The Director of this production was giving me every move, every emotion, guiding me through each step…. Instructing when to be brave, when to let down, when to cry and when to smile for other’s sake….


.The shots were to be given twice a day… x number of cc’s each. We followed the doctors orders… Her door was closed, sis held back the covers, watched the door, and held Mom’s hand while I gave the injections. Finishing, I would go out of her room and just set and shake for about 30 minutes to calm myself down. Her kidney’s had stopped at this point and she was very close to death. 24 hours after the first injections her kidneys started again… Was this reason for more hope?


Again, Dad returned on the weekend, I had given Mom shots for about 3 or 4 days…. The doctor called a meeting with us… Dad, Sis & Myself. He told us, you can not continue with your medicines, that we were all losing ground as each was fighting the other…. He said “It is your choice but I think you should give up, she is not going to make it.” I told Dad I just could not go on and keep injecting her, it was too hard on me….. Dad and Sis agreed, it was time we stopped.
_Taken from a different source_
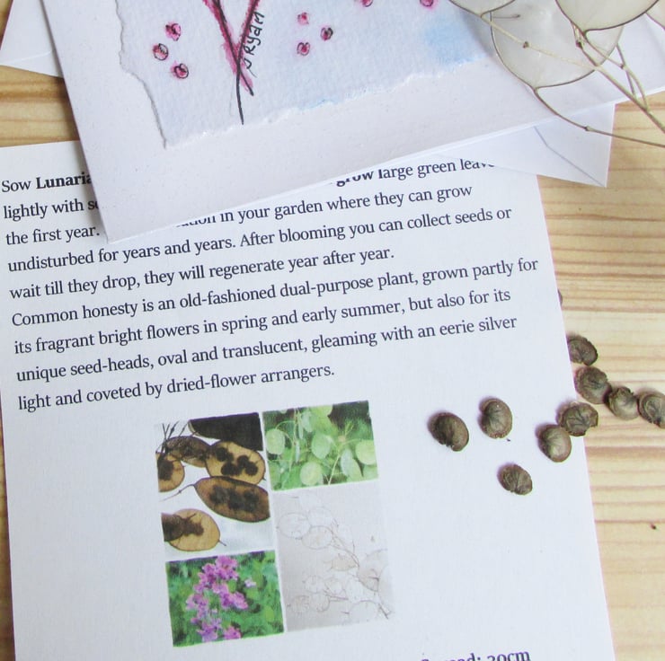 It has the added addition of a packet of Honesty Seeds from my own plants to plant in the garden or scatter in the hedgerows.

I remember there was a ledge by the window, a huge window wall looking out towards the majestic Pike’s Peak, just to the west of the hospital…. I set on the ledge and stared at the mountains and sobbed…. My heart was hanging bloody and torn outside my body… it would not ease it’s torture on me…. I was totally raw and wished I could go out the window I was setting beside….


Dad spent another day or two – my memory fails me at this time, but after he left Sis and I pretty much moved into the hospital with Mom spending night and day….


Approximately 3 weeks after I had taken her to the hospital, in the late evening of Thursday, September 2nd, 1976 she passed away…We called Dad the minute it was confirmed by the nurse. There are some moments in your life too private to share, but finally she was without pain and at peace.


Sis and I set with her body until the mortuary arrived, we returned to the motel late that night, we couldn’t sleep so we packed, made the three hour drive for home about 2:00 in the morning.


I dropped sis off at her house, went to Dad’s, we set for few moments and cried together then I drove to my house. It was about 6:00 a.m….. I took a shower, got the kids off to school and the day passed. There were phone calls to make, plans to be made, Dad to be looked after, a trip to take her back to Kansas and a long list of painful emotions to deal with… somehow we survived it all. My Dad’s brother got all the necessary permits and flew Mom’s body and Dad back…Old friends met them at the airport along with the mortuary. Sis & family and I and my family took the minister and drove back…. We stayed at Mom’s sister’s house…. Returning home after the services, life resumed, but I couldn’t…. there were the holidays to get through….. Where could I ever find the strength.....


The director yelled “cut” and the curtains came down.